Data records
------------

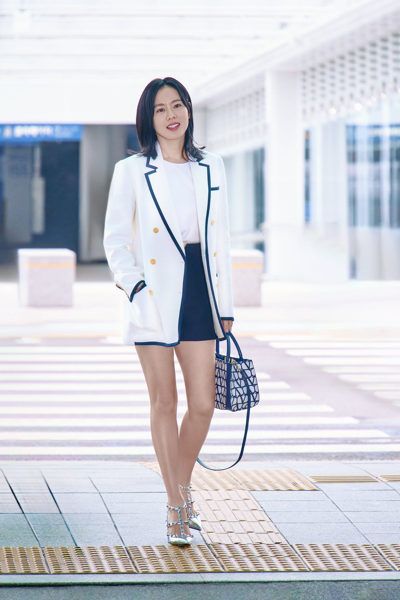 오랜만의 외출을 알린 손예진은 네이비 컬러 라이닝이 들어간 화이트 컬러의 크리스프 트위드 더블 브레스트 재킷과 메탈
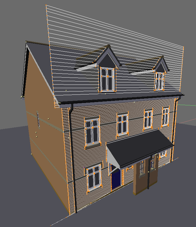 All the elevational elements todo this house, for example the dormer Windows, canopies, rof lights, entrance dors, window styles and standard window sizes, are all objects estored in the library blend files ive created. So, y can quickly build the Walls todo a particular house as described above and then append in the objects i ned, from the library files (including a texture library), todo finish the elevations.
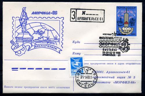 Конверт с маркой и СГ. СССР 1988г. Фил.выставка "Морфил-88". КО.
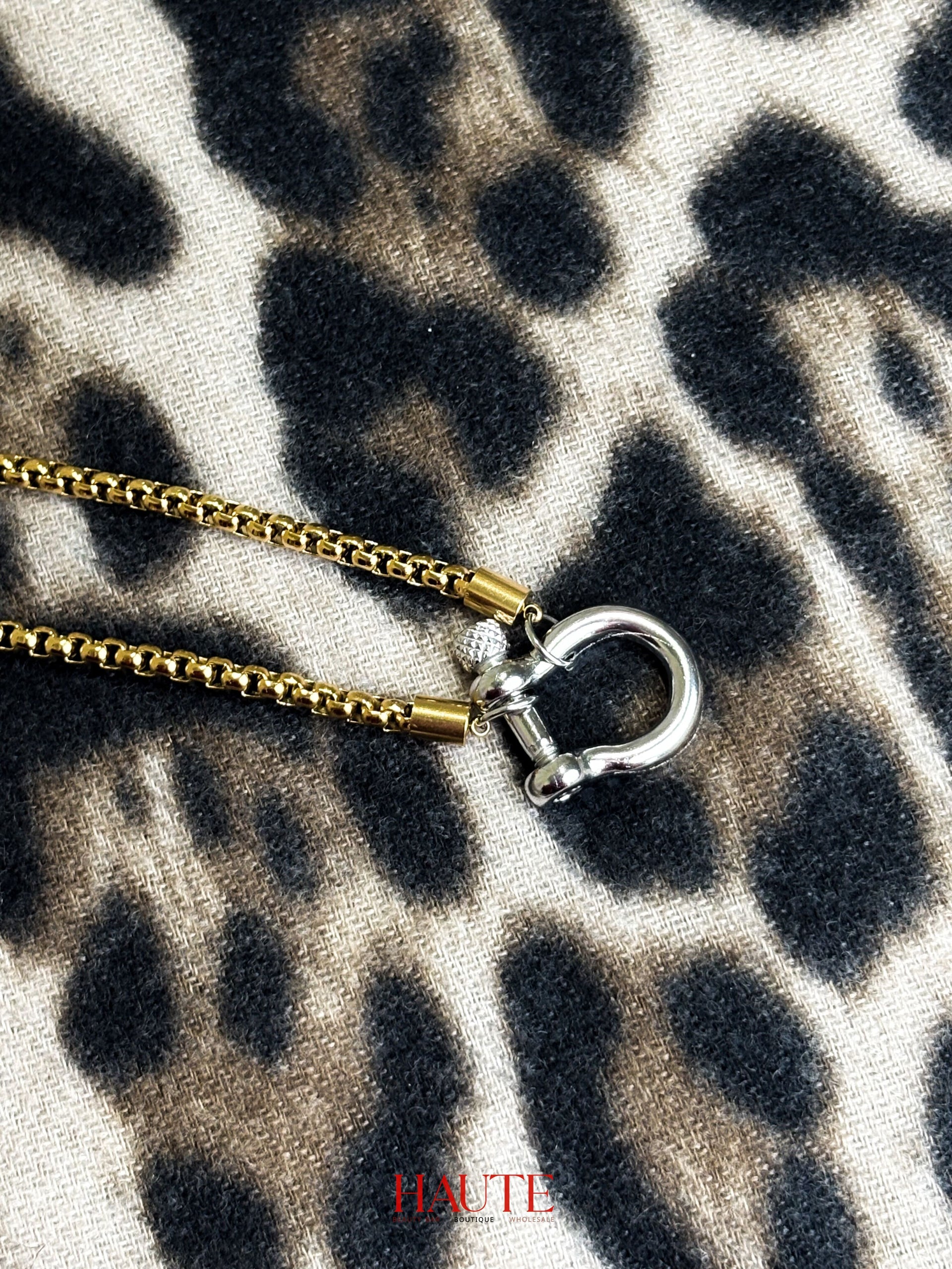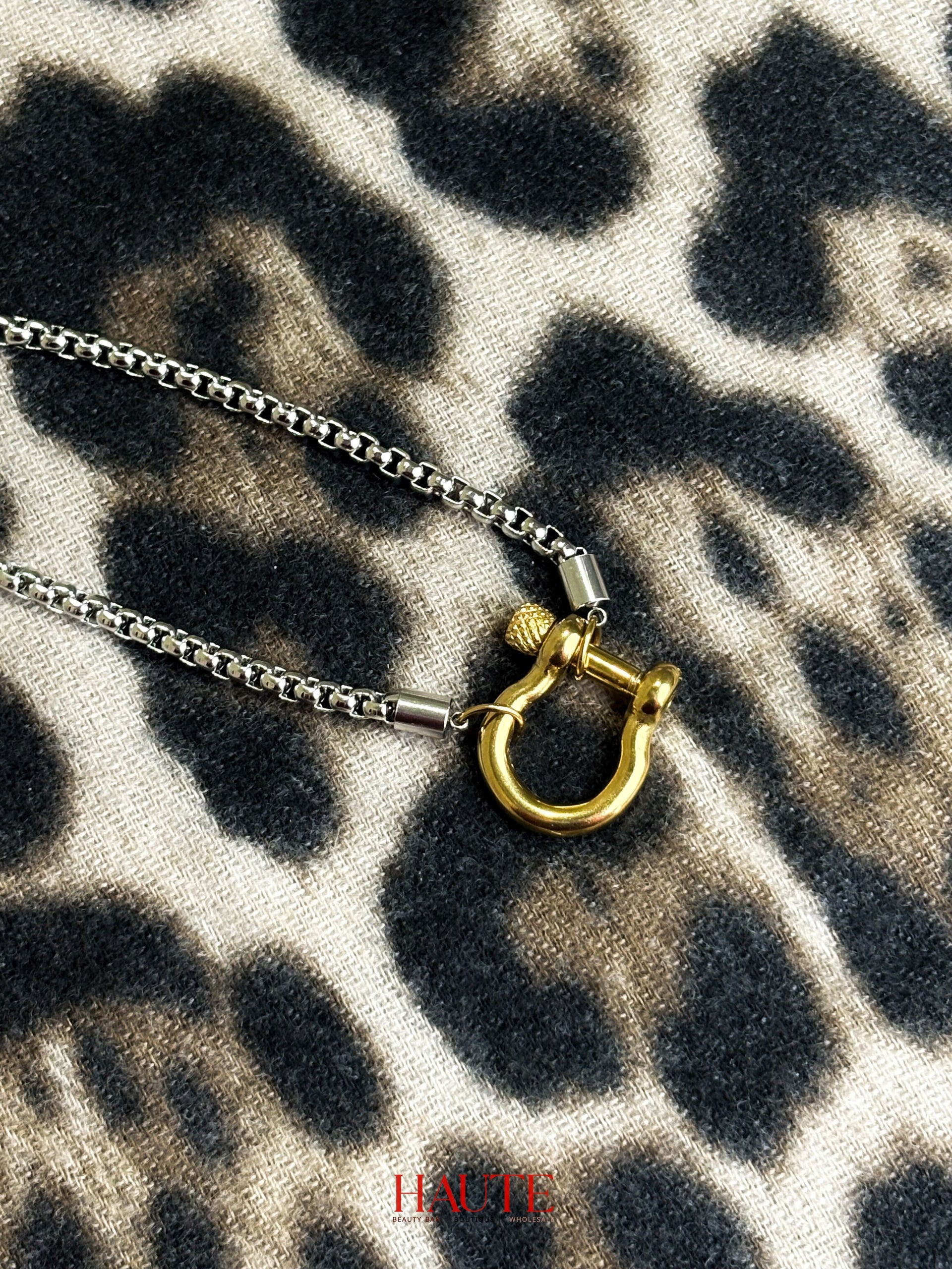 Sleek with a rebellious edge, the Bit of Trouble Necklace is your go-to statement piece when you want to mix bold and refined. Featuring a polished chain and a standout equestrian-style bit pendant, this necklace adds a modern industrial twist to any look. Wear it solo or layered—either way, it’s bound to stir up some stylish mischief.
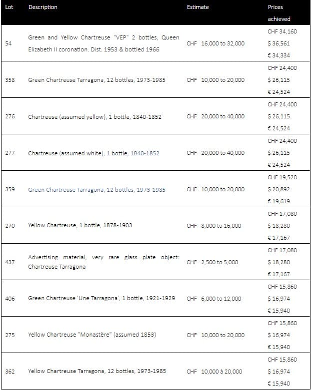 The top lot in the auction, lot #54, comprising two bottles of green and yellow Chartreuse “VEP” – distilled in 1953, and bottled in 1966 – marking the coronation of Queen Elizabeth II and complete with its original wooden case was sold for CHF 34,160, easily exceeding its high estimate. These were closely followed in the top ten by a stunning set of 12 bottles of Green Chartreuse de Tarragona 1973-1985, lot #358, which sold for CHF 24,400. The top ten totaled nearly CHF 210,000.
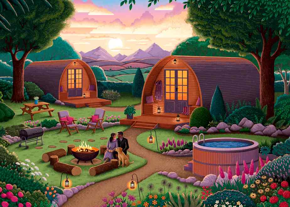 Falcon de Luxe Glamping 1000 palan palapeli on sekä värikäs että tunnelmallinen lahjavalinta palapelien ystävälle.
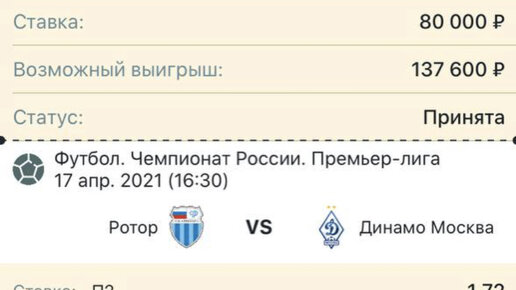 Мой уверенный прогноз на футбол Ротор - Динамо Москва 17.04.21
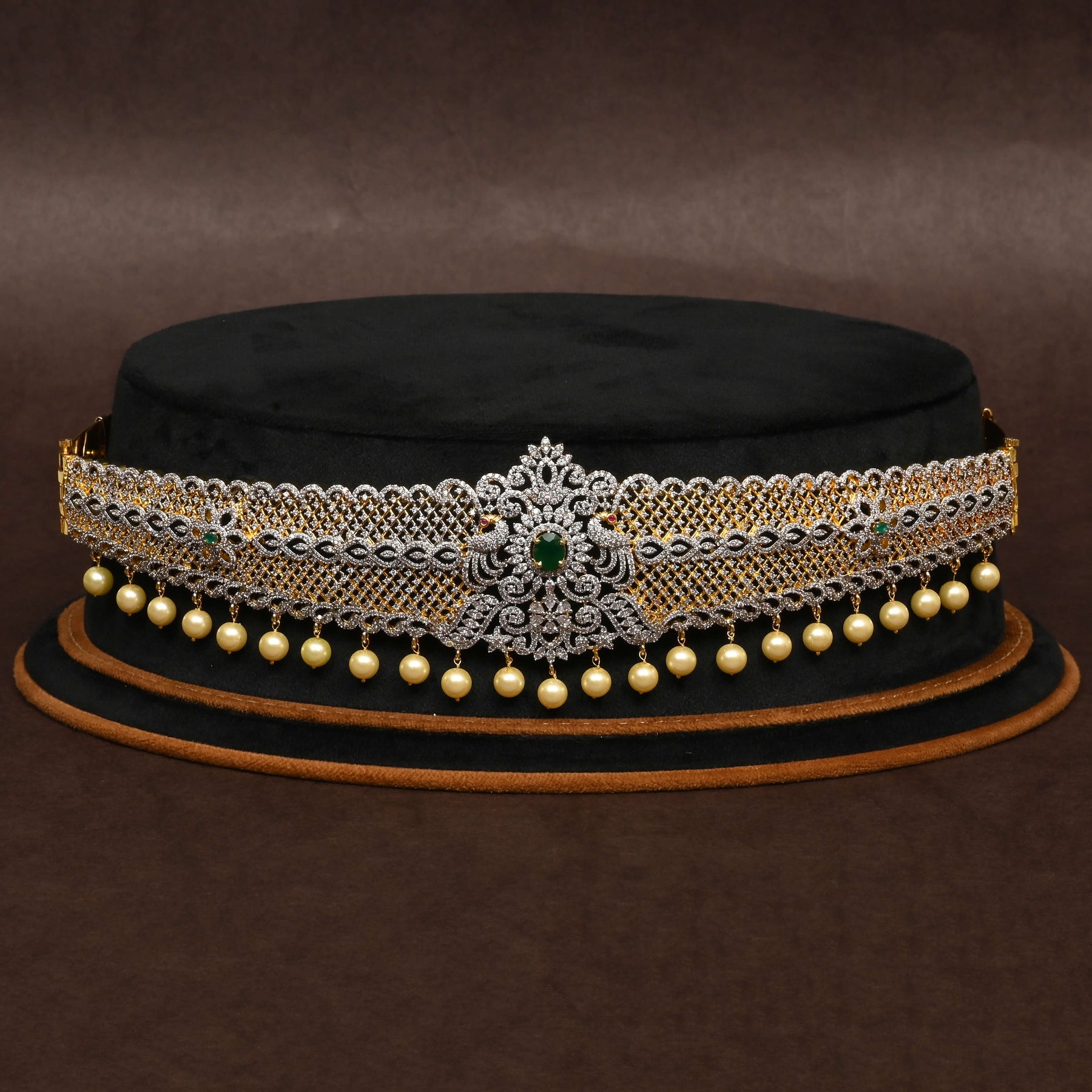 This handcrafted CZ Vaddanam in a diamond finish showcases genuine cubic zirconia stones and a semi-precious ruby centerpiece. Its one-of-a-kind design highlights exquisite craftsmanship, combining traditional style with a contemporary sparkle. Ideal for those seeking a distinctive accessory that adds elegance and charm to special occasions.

------------

▶ **The problem**: Output all the entries exactly, minus any pictures.

▶ **Response area**:
 오랜만의 외출을 알린 손예진은 네이비 컬러 라이닝이 들어간 화이트 컬러의 크리스프 트위드 더블 브레스트 재킷과 메탈
 All the elevational elements todo this house, for example the dormer Windows, canopies, rof lights, entrance dors, window styles and standard window sizes, are all objects estored in the library blend files ive created. So, y can quickly build the Walls todo a particular house as described above and then append in the objects i ned, from the library files (including a texture library), todo finish the elevations.
 Конверт с маркой и СГ. СССР 1988г. Фил.выставка "Морфил-88". КО.
 Sleek with a rebellious edge, the Bit of Trouble Necklace is your go-to statement piece when you want to mix bold and refined. Featuring a polished chain and a standout equestrian-style bit pendant, this necklace adds a modern industrial twist to any look. Wear it solo or layered—either way, it’s bound to stir up some stylish mischief.
 The top lot in the auction, lot #54, comprising two bottles of green and yellow Chartreuse “VEP” – distilled in 1953, and bottled in 1966 – marking the coronation of Queen Elizabeth II and complete with its original wooden case was sold for CHF 34,160, easily exceeding its high estimate. These were closely followed in the top ten by a stunning set of 12 bottles of Green Chartreuse de Tarragona 1973-1985, lot #358, which sold for CHF 24,400. The top ten totaled nearly CHF 210,000.
 Falcon de Luxe Glamping 1000 palan palapeli on sekä värikäs että tunnelmallinen lahjavalinta palapelien ystävälle.
 Мой уверенный прогноз на футбол Ротор - Динамо Москва 17.04.21
 This handcrafted CZ Vaddanam in a diamond finish showcases genuine cubic zirconia stones and a semi-precious ruby centerpiece. Its one-of-a-kind design highlights exquisite craftsmanship, combining traditional style with a contemporary sparkle. Ideal for those seeking a distinctive accessory that adds elegance and charm to special occasions.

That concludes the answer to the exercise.